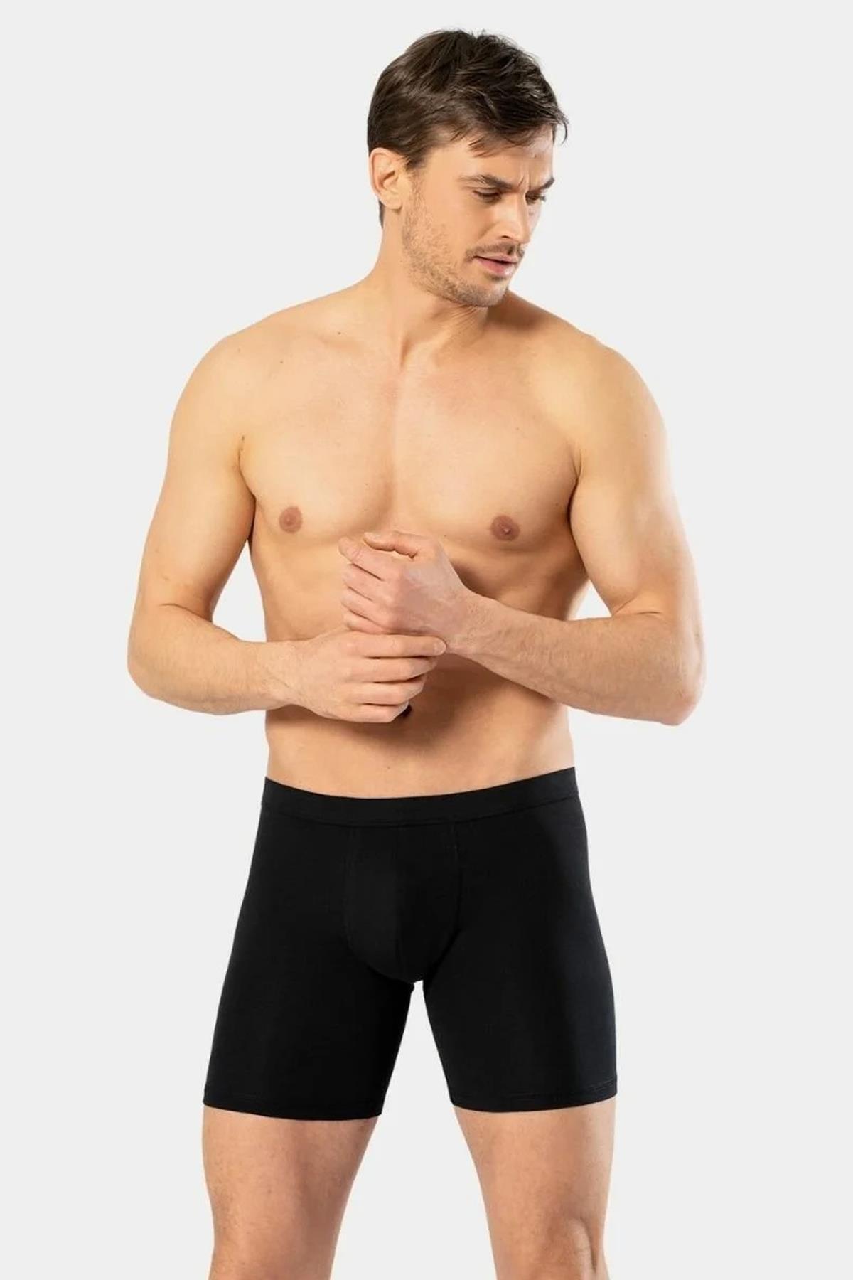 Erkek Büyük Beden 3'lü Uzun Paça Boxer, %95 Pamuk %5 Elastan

---

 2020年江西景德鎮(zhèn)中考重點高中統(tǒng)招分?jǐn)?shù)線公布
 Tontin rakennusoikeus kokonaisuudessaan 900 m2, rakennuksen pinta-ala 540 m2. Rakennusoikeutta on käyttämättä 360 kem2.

...

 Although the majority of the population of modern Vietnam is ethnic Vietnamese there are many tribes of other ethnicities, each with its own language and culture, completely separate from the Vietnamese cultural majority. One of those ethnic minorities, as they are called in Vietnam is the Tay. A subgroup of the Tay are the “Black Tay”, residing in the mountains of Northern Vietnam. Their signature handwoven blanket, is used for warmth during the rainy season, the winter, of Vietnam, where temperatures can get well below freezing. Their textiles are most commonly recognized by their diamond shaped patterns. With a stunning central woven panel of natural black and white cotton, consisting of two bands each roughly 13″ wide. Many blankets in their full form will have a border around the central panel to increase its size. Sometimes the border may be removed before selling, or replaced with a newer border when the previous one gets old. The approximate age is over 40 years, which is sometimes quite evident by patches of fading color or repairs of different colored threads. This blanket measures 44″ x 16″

> _Problem to solve_: The answer is the run of lines above from the line containing "2020年江西景德鎮(zhè" through the line containing "Tontin rakennusoikeus kokonaisuudessaan", copied exactly and alone.

> _Answer for this exercise_:
 2020年江西景德鎮(zhèn)中考重點高中統(tǒng)招分?jǐn)?shù)線公布
 Tontin rakennusoikeus kokonaisuudessaan 900 m2, rakennuksen pinta-ala 540 m2. Rakennusoikeutta on käyttämättä 360 kem2.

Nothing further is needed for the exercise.